However, often there is more detailed information on the samples within the data files that remains unused, if only the SampleSelector is used for specification. This information can still be used, if users preprocess the ForeseeCell Object before their analysis.

In order to get an overview of what information is available for the GDSC object, we can investigate the meta information:

colnames(GDSC$TissueInfo)

Consequently, we can also filter the samples according to their Histology. In this example, we choose carcinoma:

require(FORESEE)
GDSC_carcinoma <- GDSC

# Find all cell lines that are carcinomas
GDSC_carcinomacells <-GDSC$TissueInfo$Line[GDSC$TissueInfo$Histology=="carcinoma"]
# Restrict the GDSC_carcinoma object to those cell lines only
GDSC_carcinoma$GeneExpression <-GDSC_carcinoma$GeneExpression[,colnames(GDSC$GeneExpression) %in% GDSC_carcinomacells]

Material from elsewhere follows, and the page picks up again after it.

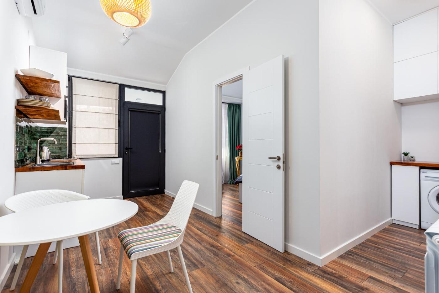 One-Bedroom Apartment. This air-conditioned apartment features 1 living room, 1 separate bedroom and 1 bathroom with a hairdryer. The apartments kitchen, which has a refrigerator and a microwave, is available for cooking and storing food. Boasting a balcony with garden views, this apartment also features a washing machine and a flat-screen TV. The unit has 2 beds.
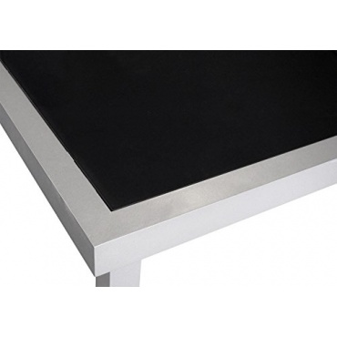 Dieser Gartentisch lädt Sie und Ihre Gäste zum gemütlichen Verweilen ein. An diesem Tisch haben Ihre Gäste viel Platz und können in geselliger Runde mit Ihnen Mahlzeiten einnehmen oder gemeinsam entspannen. Der Tisch hat eine undurchsichtige Glasplatte, die sehr stabil und robust ist. Der Tisch ist hochwertig verarbeitet und qualitativ sehr gut. Die Tischbeine sind aus Aluminium, was ein sehr stabiles Metall ist.

Now we can run the regular pipeline. We choose "all" for TrainingTissue to include all carcinoma samples we just collected:

ForeseeTrain(
  TrainObject=GDSC_carcinoma, 
  TestObject=GSE6434, DrugName="Docetaxel", 
  CellResponseType = "LN_IC50",
  CellResponseTransformation = "none", 
  InputDataTypes = "GeneExpression", 
  TrainingTissue = "all",
  TestingTissue = "all", 
  DuplicationHandling = "first", 
  HomogenizationMethod = "ComBat",
  GeneFilter = "variance",
  FeaturePreprocessing = "none", 
  BlackBox = "linear", 
  nfoldCrossvalidation = 1
)

# Apply the trained model to patient data             
Foreseen<- Foreseer(
  TestObject=TestObject, 
  ForeseeModel=ForeseeModel, 
  BlackBox = "linear"
)
require(pROC)
ROCObj <- pROC::roc(TestObject$Annotation, Foreseen, direction=">")
plot.roc(ROCObj, legacy.axes = TRUE, print.auc=TRUE, main = "Training Histology: Carcinoma")

4. Integrating User-Defined Functions into the FORESEE Pipeline {#usecase4}

FORESEE is designed to be easily expandable. While there are numerous different pipelines already implemented in the package, the user can conveniently change each part of the pipeline with their own method. To be exact, within ForeseeTrain, CellResponseTransformation, DuplicationHandling, HomogenizationMethod, GeneFilter, FeaturePreprocessing and BlackBox can be defined by the user. In this section we demonstrate this capability of FORESEE by some examples.

4.1. User-Defined CellResponseTransformation: {#usecase4.1}

The underlying distribution of 'Response' has a great impact on the fitted model using a blackbox. Here, the 'Response' is the cell line response to a drug, quantified by different measures, such as IC50. The measured IC50s are not necessarily distributed for an optimum model fitting, so it is quite common in the preprocessing stage to 'transform' these Response values, for example by power transformation or changing to logarithmic scale. These are already implemented in FORESEE and can be easily used by setting CellResponseTransformation to "powertransform" or to "logarithm" respectively.

However, it is also possible to implement your own transformation and pass your function in the form of CellResponseTransformation=User_Transformation to be used in the FORESEE pipeline.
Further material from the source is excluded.